Health

What does psychotherapy do?

Psychotherapy cannot bring back our lost childhood. Approaches such as erasing your memory and clearing your subconscious in a single session are an attitude that mental health professionals will not display and bring along ethical violations. Psychotherapy cannot change the facts of the past, the irreversible. It is impossible to heal wounds with the help of such illusions.

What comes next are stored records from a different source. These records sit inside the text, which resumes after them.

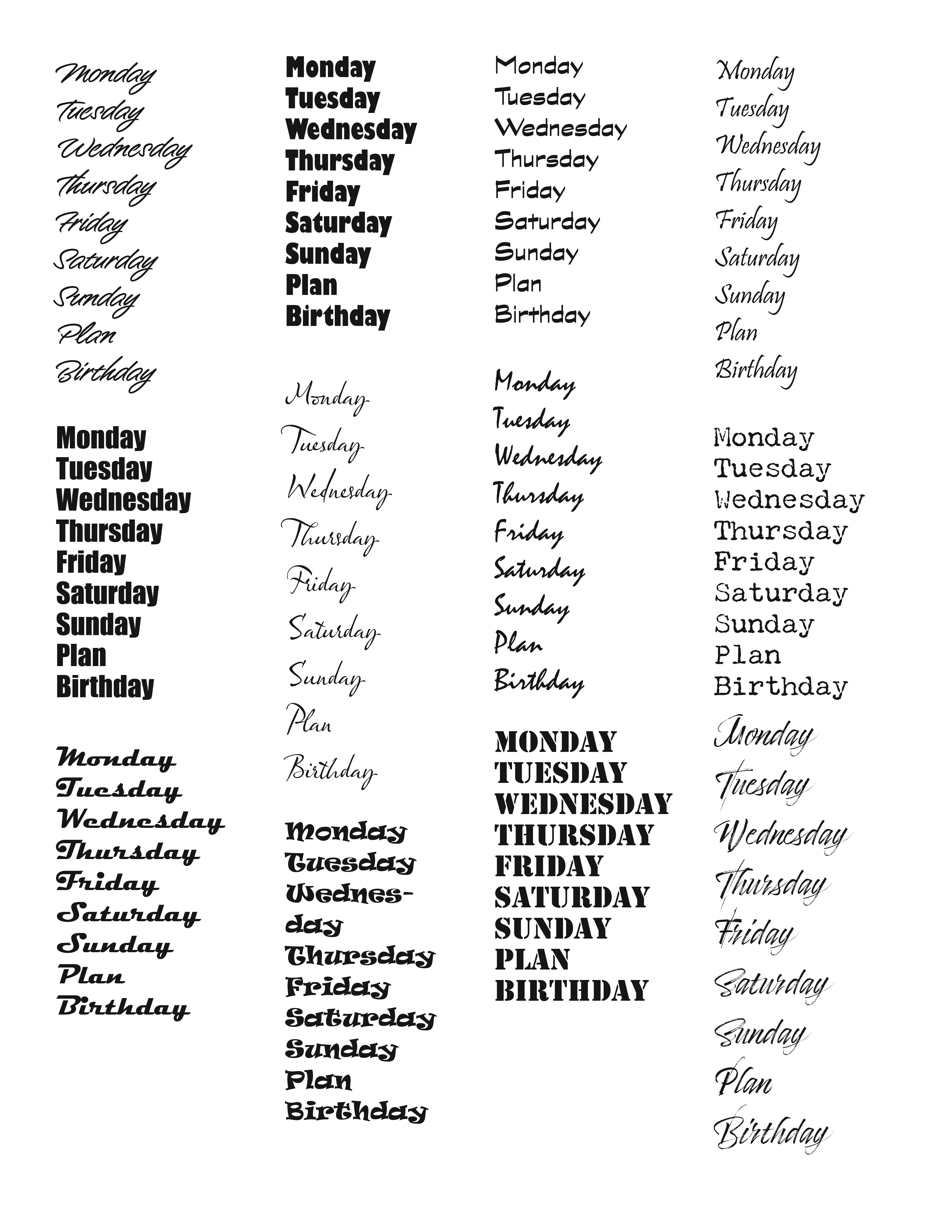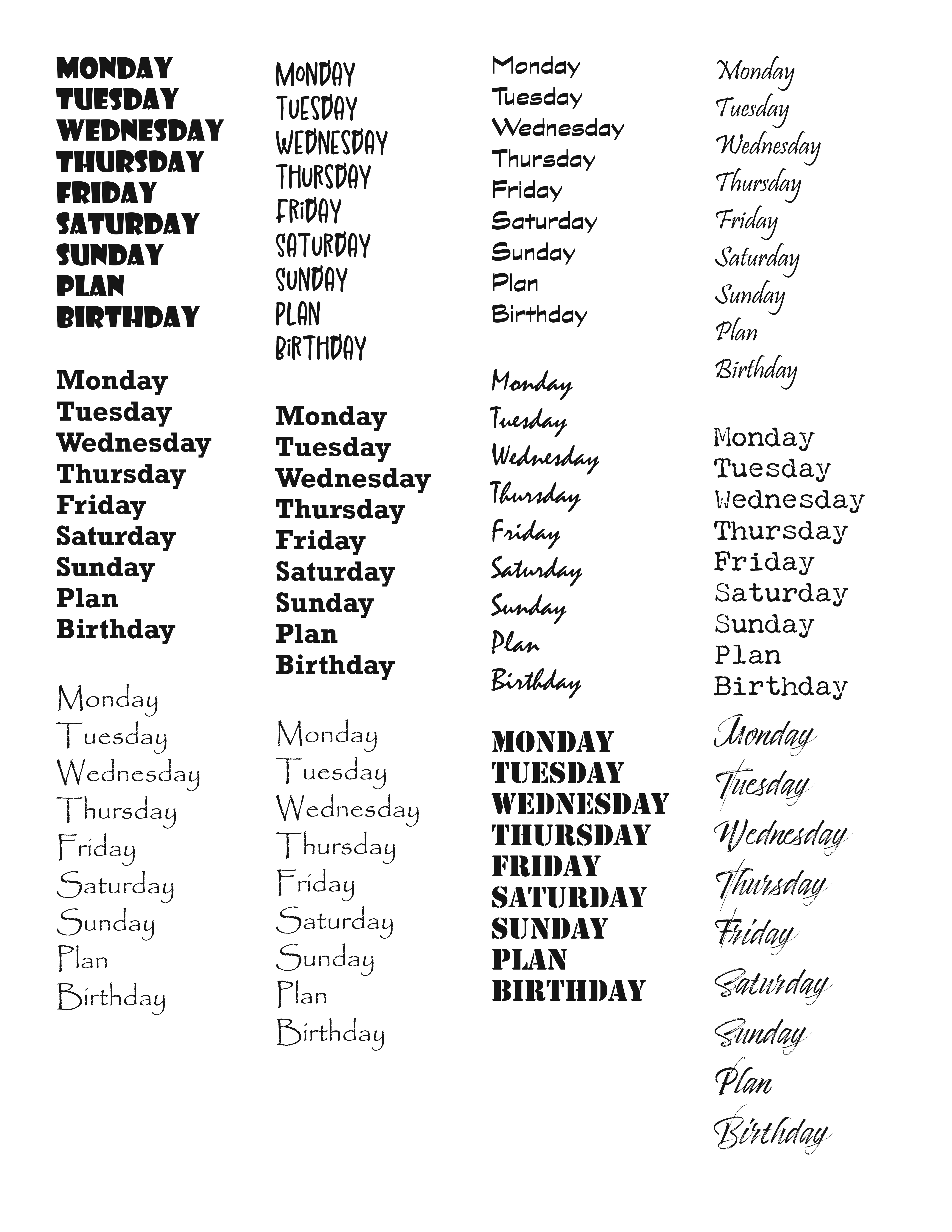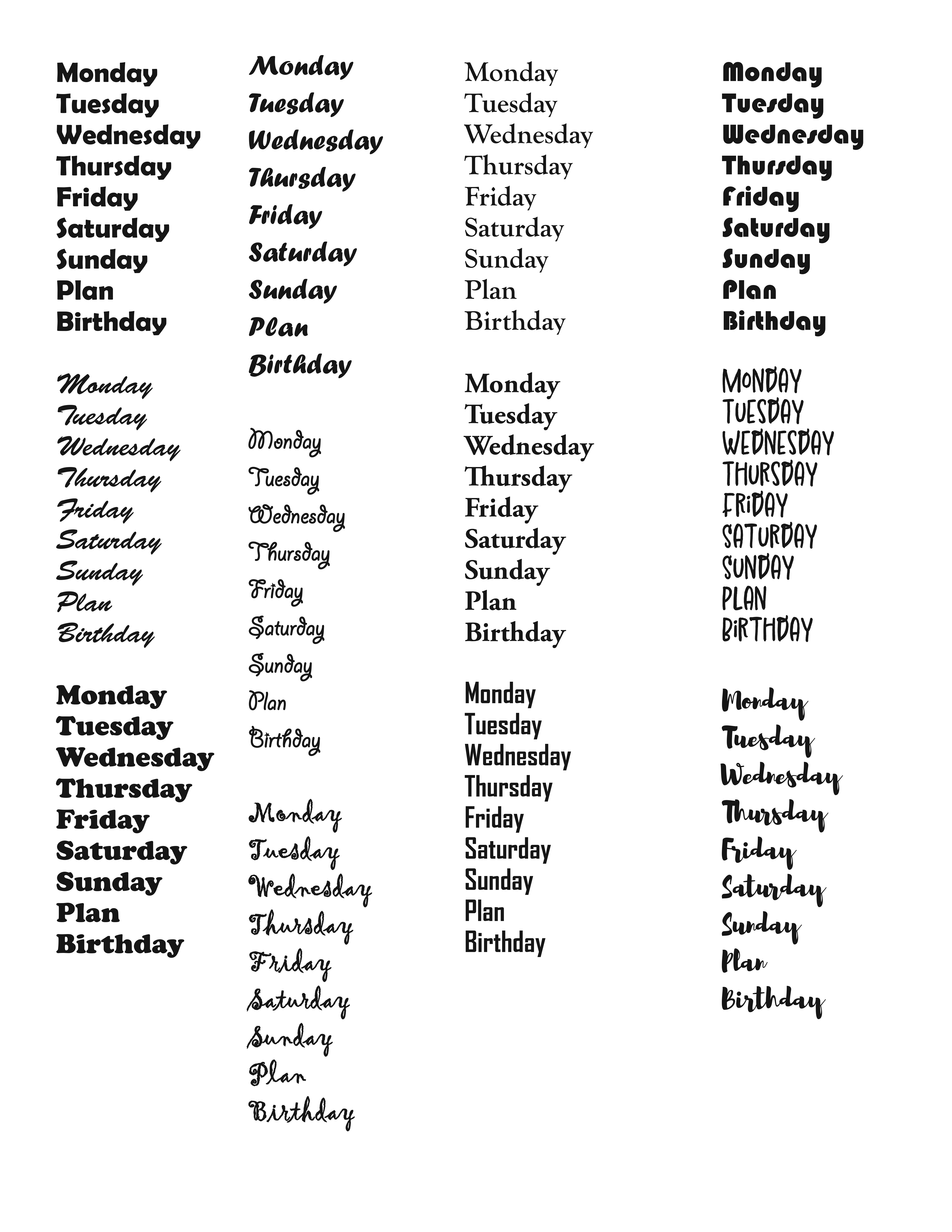 Three pages of days of the week that you can print on full-page stickers (or just nice paper and stick with glue). The line spacing should allow you to make one cut between the words. You can download the .jpg files below directly (right-click and save) or you can download a three-page .pdf file here.
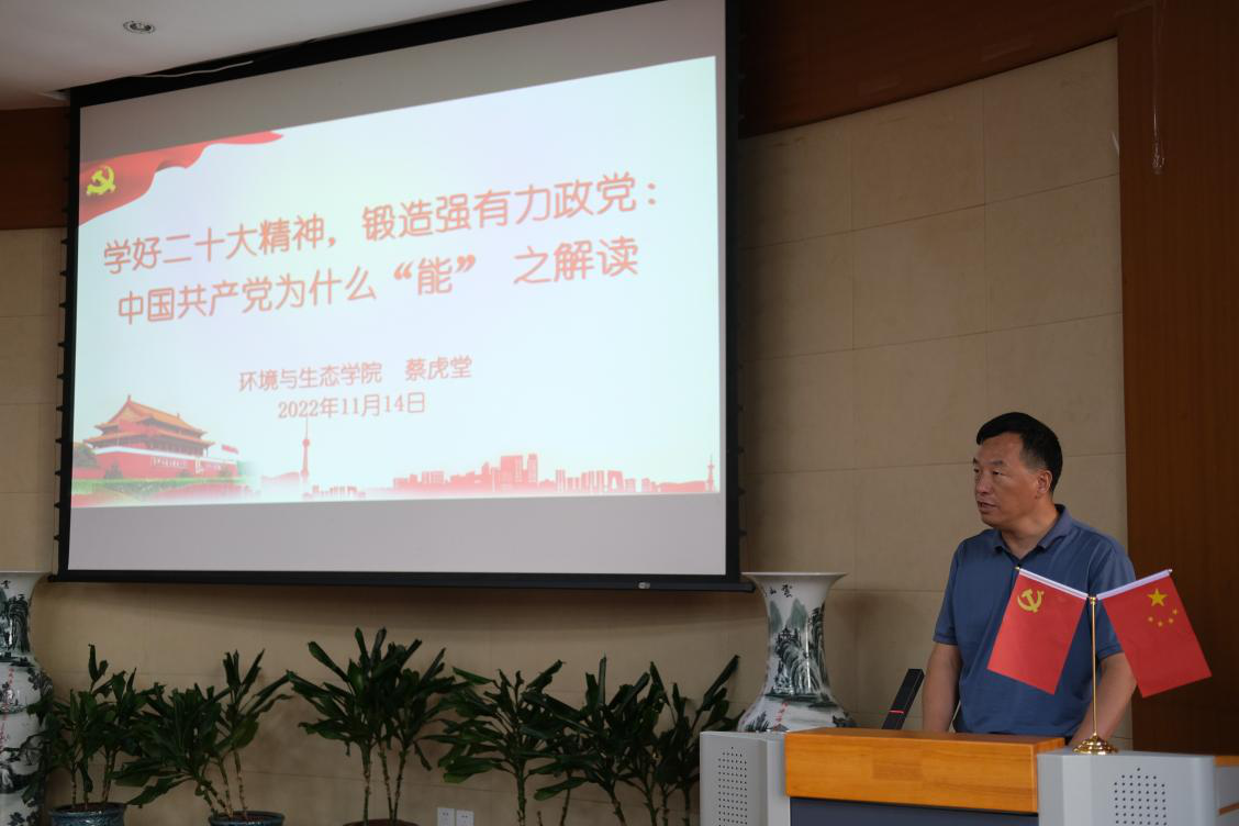 本年次党团活动月的第一项活动是由蔡虎堂为同学们带来《学好二十大精神,锻造强有力政党:中国共产党为什么“能“的解读》的专题讲座。讲座分为两部分。第一部分他向大家介绍了党的二十大的盛况以及重要意义,以此引申到第二部分中国共产党为什么“能”。在讲座中,他从科学的理论指导、坚定的理想信念、强大的组织优势、坚实的群众基础和彻底的自我革命五个方面全方位解读中国共产党“能”的原因。讲座最后他指出,我们的党无愧为伟大、光荣、正确的党!我们的人民无愧为伟大、光荣、英雄的人民!百年大党恰是风华正茂,作为新时代大学生,我们要爱这个党,爱这个人民,爱这个国家。我们要向党组织积极靠拢,争取早日成为其中的光荣分子。
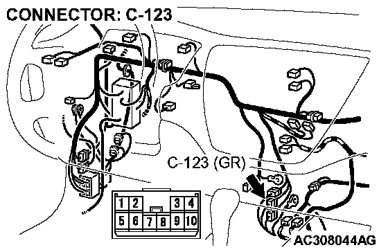 STEP 3. Check transmission range switch connector B-16, intermediate connector C-123 and junction block connector C-210 for loose, corroded or damaged terminals, or terminals pushed back in the connector.
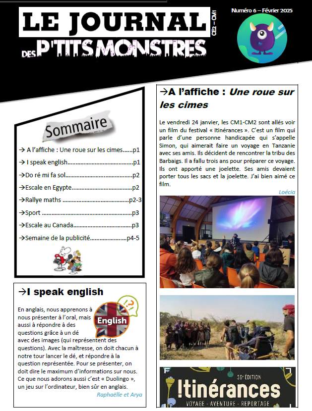 Cliquer ICI pour découvrir le sixième numéro du "Journal des P'tits Monstres".
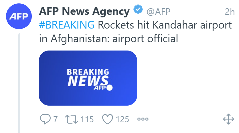 据法新社、路透社报道,当地时间8月1日,阿富汗塔利班发言人称,至少使用三枚火箭弹袭击了阿富汗南部的坎大哈机场,并称此举是为阻止阿富汗政府军实施空袭。目前暂无人员伤亡报告。
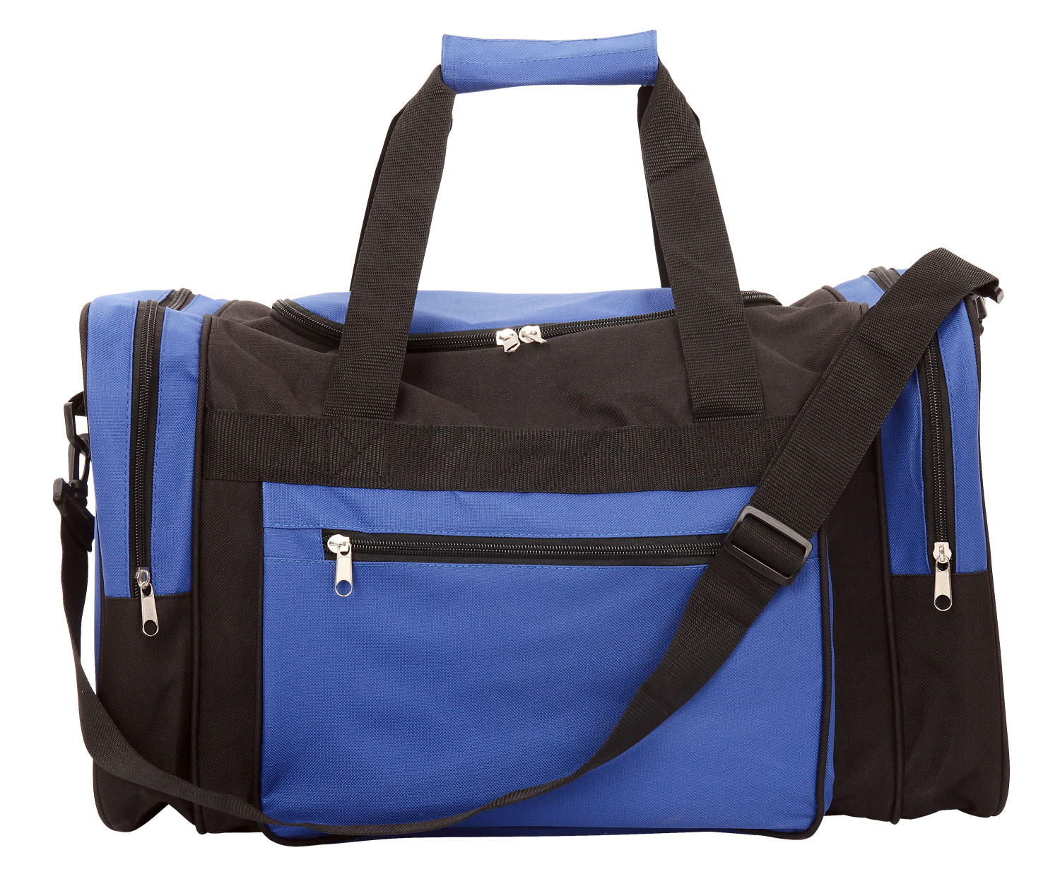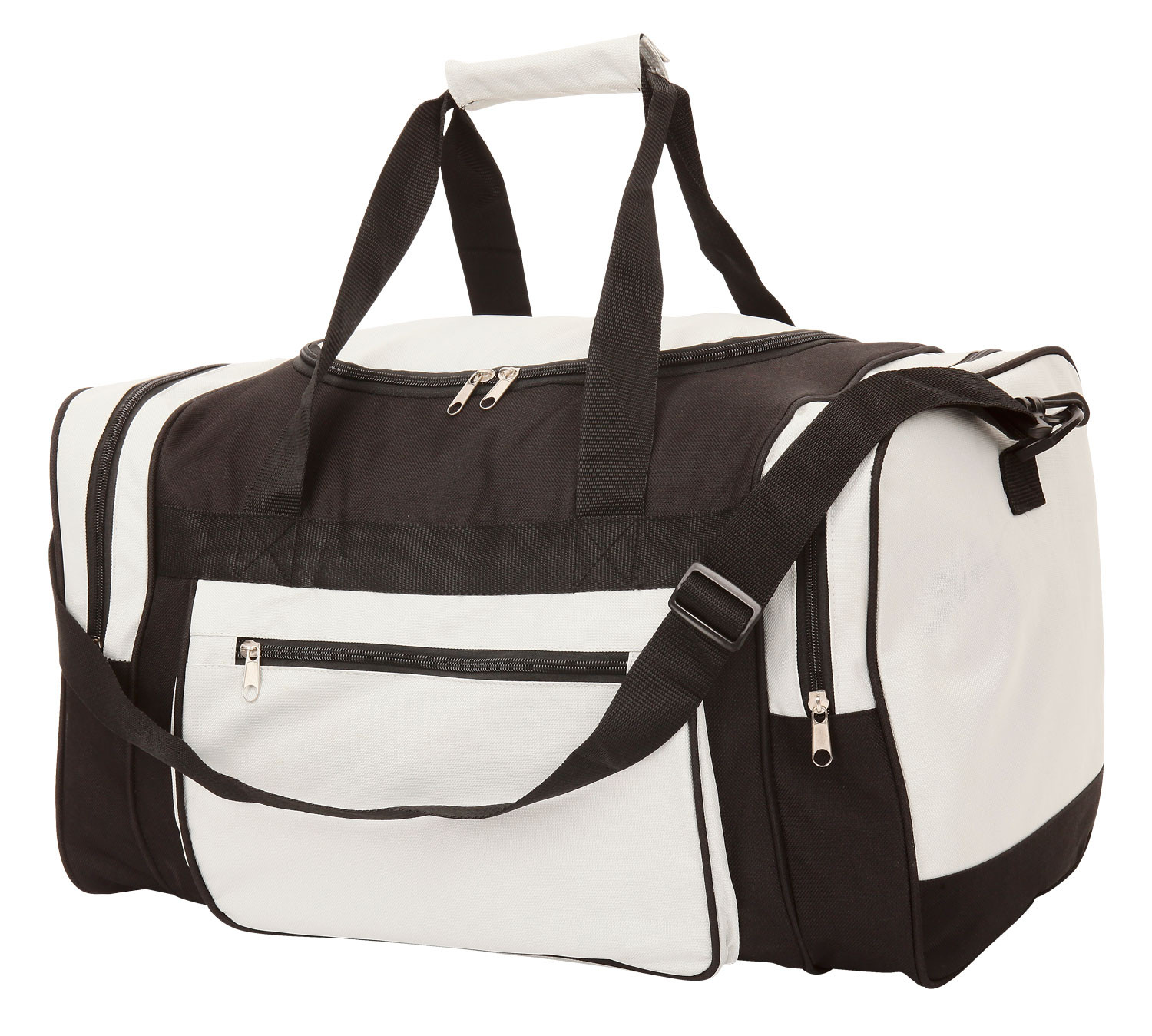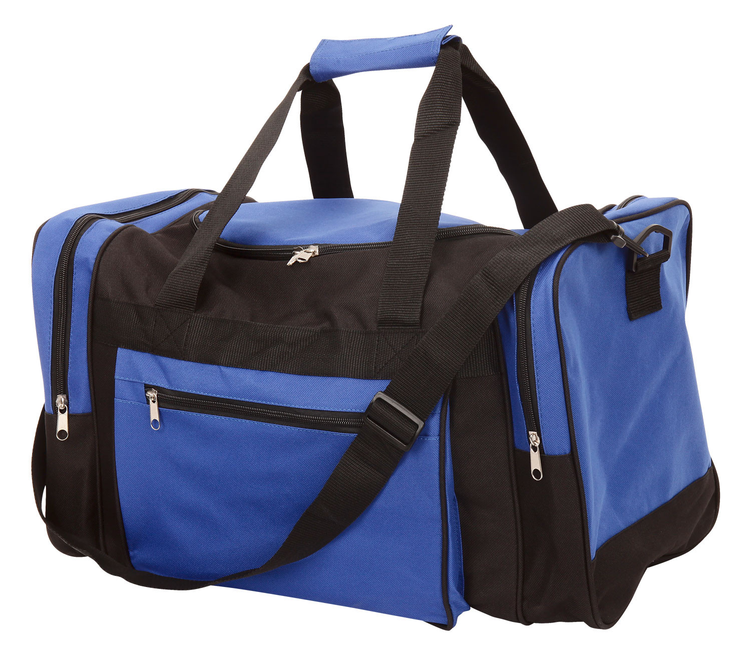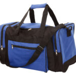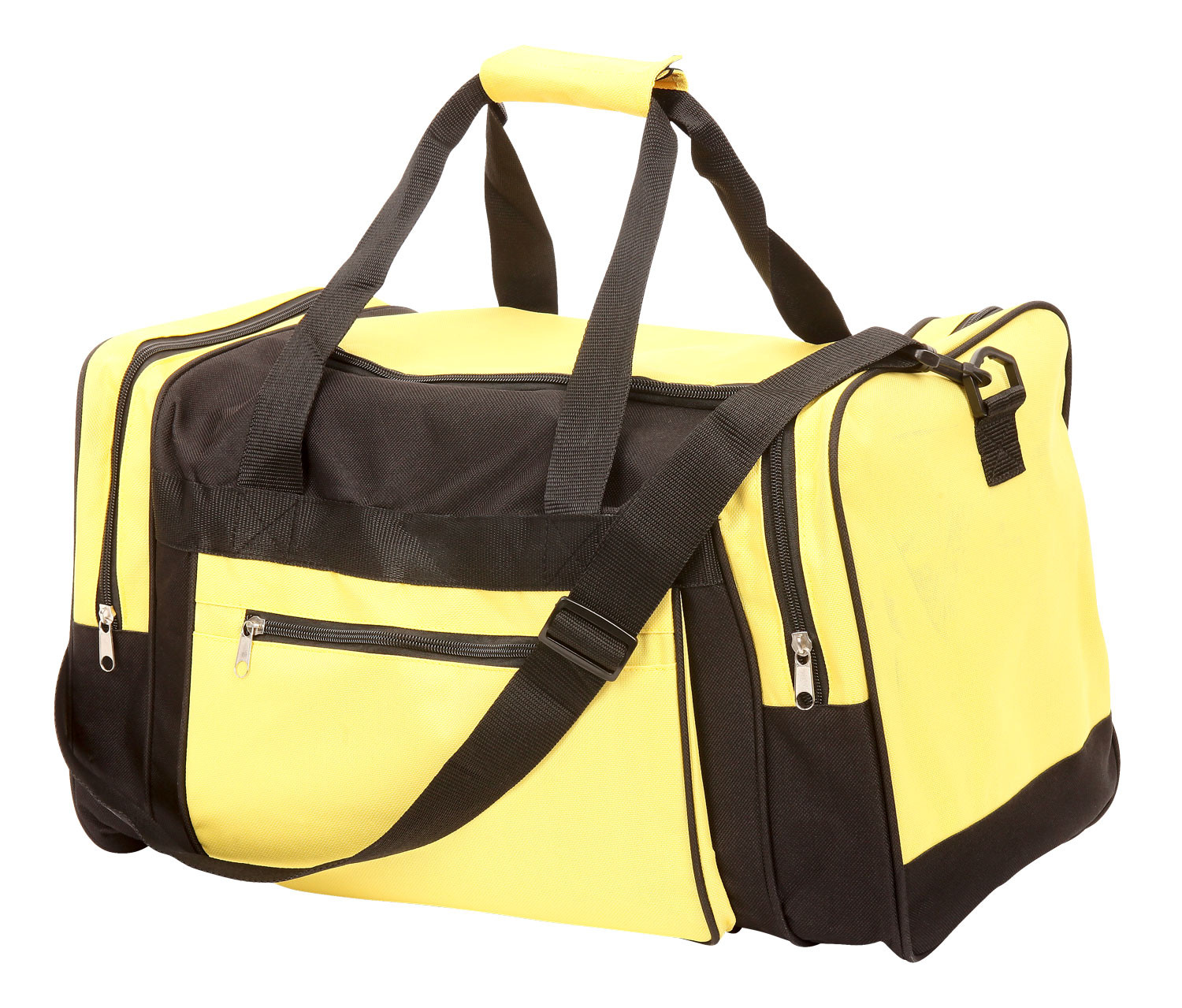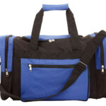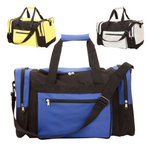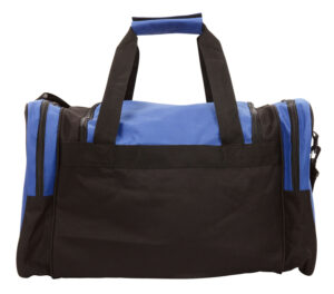 Large 600D sports bag with main compartment with U shape zipper for easy access, adjustable shoulder strap, carry handles, contrasting zippered side pocket and two zippered end pockets.
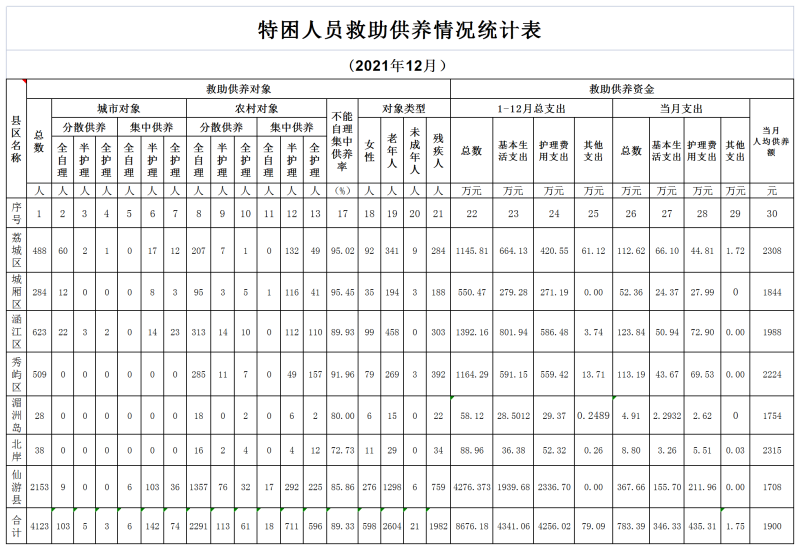 2021年12月特困人员救助供养情况统计表
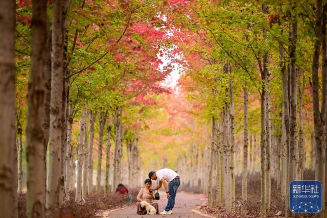 10月15日,游客在河南省洛阳市宜阳县滨河公园游玩。

Psychotherapy cannot bring back our lost childhood. Approaches such as erasing your memory and clearing your subconscious in a single session are an attitude that mental health professionals will not display and bring along ethical violations. Psychotherapy cannot change the facts of the past, the irreversible. It is impossible to heal wounds with the help of such illusions. It is an impossible demand to achieve the fantasy of “as if you never lived” the negative memories of the past, which many injured people hope for. However, by living our truth and learning this truth after conflict, it is possible that at the adult level we will return to our emotional world, which offers us not heaven but our ability to mourn. Psychotherapy can help us in our return to our emotional world, where we can regain our lost vitality in life by restructuring/updating the memories, scenes, emotions, thoughts and sensations that have been experienced in the past but whose effect has not yet passed. The more therapists know about their client’s life, past, and present, the more they enter the client’s life and become the closer and more insightful witness of that life. For all this to happen, we need to read the story from the beginning. The famous childhood story begins to be staged slowly. Just as the roots of the tree are its source of life, it is the period in which the roots and identity develop in the first 6-7 years of human life. As Epictetus said: A man’s homeland is his childhood. Those who are abroad know the homesickness better because their lives are based on longing. Maybe we are longing for ourselves in our own country, in our own family, even within ourselves, what do you think?